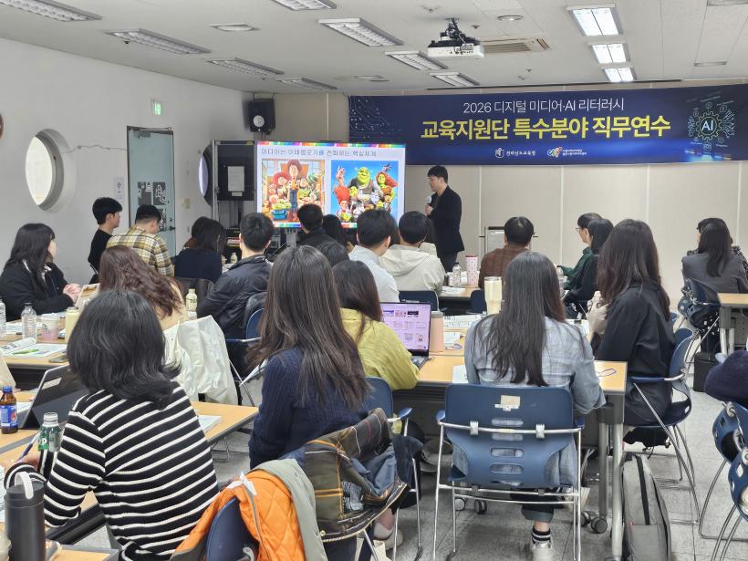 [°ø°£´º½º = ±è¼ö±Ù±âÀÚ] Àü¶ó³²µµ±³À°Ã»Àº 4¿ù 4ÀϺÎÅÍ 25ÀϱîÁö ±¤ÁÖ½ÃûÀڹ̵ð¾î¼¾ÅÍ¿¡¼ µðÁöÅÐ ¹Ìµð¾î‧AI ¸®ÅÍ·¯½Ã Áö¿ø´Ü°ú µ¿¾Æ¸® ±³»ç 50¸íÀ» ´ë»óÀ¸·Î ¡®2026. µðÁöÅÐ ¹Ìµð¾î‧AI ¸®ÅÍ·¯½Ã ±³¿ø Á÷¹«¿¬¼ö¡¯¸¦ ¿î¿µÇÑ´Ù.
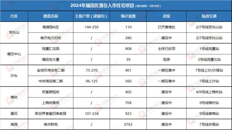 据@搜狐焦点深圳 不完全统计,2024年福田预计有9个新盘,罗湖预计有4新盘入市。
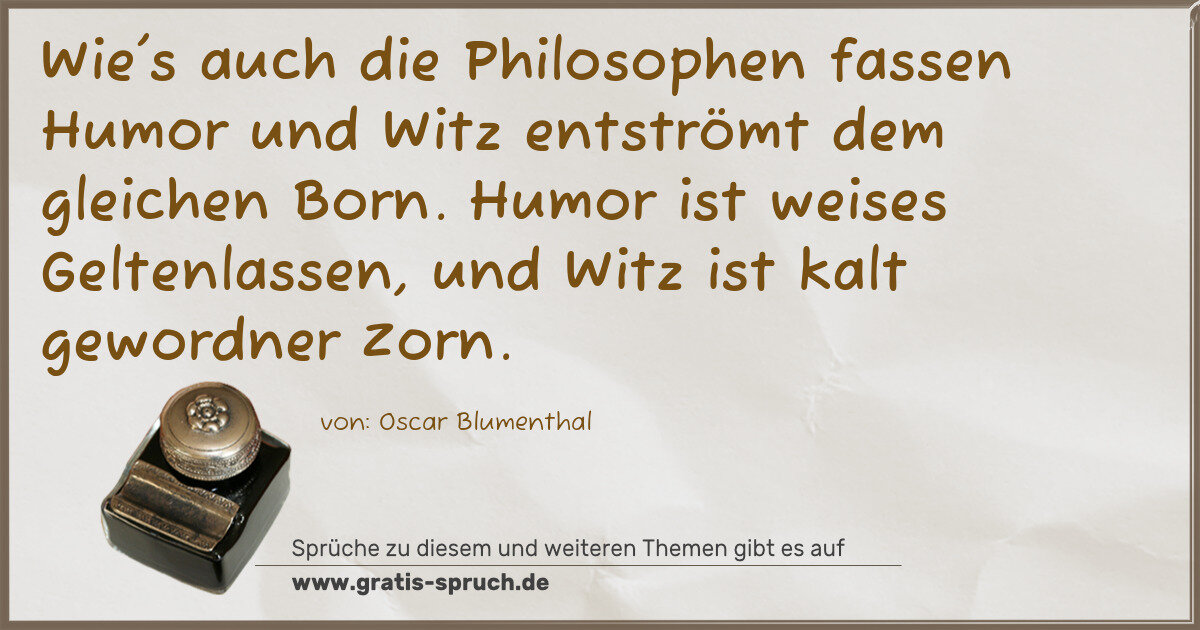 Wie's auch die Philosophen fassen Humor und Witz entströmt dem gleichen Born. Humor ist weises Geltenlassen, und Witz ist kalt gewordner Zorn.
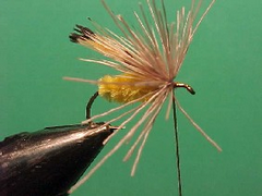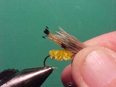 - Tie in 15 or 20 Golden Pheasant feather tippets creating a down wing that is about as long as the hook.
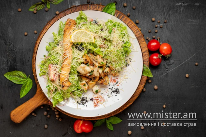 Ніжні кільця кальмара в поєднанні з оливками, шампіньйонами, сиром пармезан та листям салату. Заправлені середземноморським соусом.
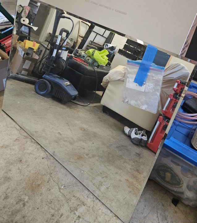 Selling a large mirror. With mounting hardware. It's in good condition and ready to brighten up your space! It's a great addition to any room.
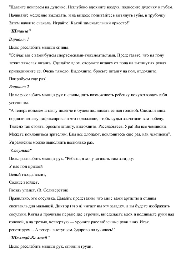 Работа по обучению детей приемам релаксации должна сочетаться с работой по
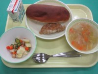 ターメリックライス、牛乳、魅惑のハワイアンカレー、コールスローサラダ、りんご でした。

=-=-=

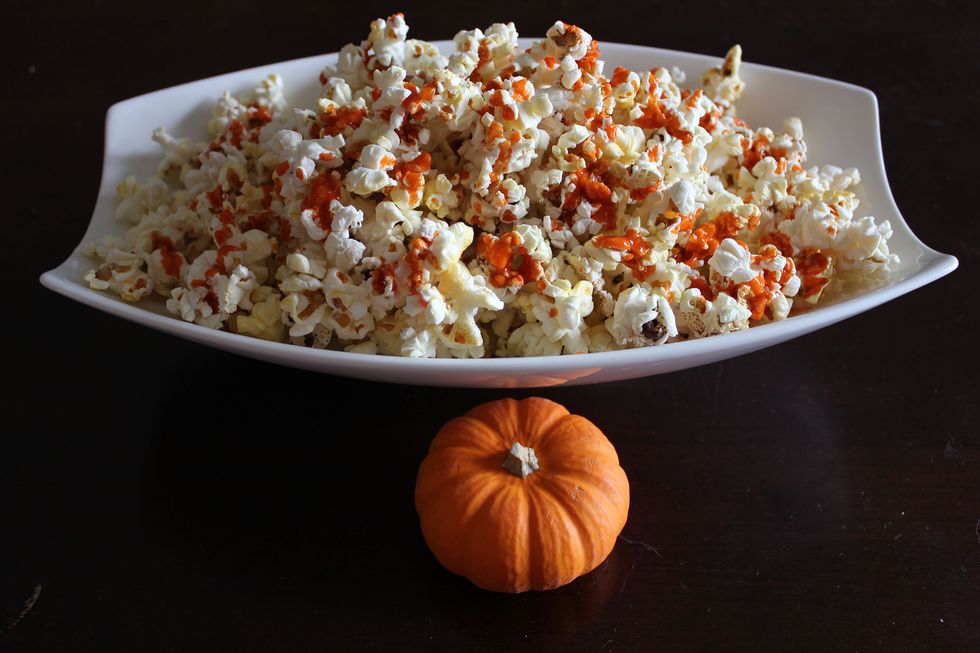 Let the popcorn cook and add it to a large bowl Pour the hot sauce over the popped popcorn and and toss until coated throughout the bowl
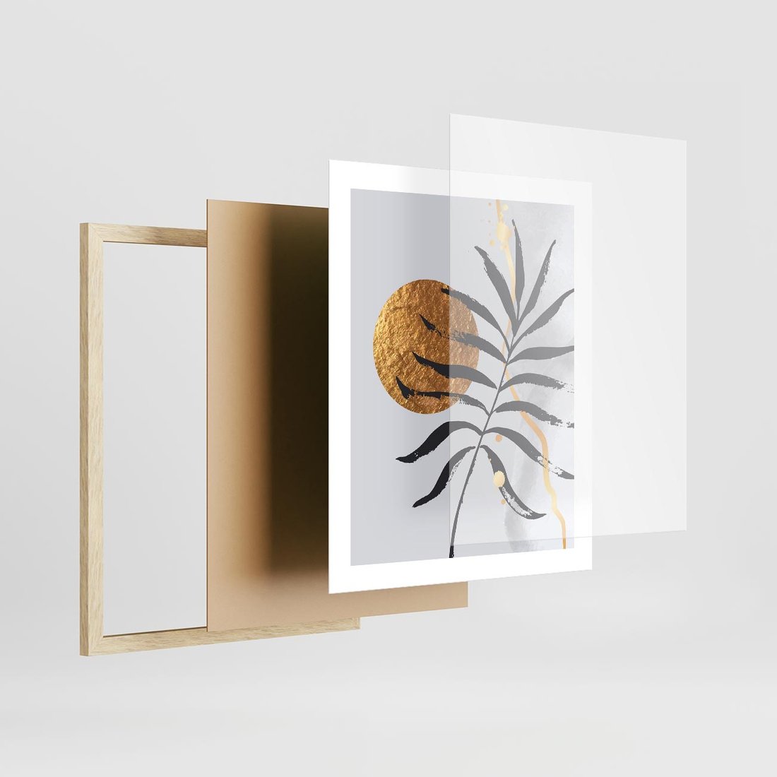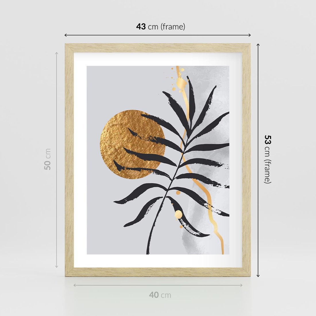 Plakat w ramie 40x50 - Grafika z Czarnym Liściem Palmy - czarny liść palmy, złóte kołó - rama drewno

=-=-=

- _Problem to work on_:
From the records above, copy only the lines running from the line containing "Selling a large" to the line containing "ターメリックライス、牛乳、魅", both ends included. Leave the pictures out.

- _Written answer_:
 Selling a large mirror. With mounting hardware. It's in good condition and ready to brighten up your space! It's a great addition to any room.
 Работа по обучению детей приемам релаксации должна сочетаться с работой по
 ターメリックライス、牛乳、魅惑のハワイアンカレー、コールスローサラダ、りんご でした。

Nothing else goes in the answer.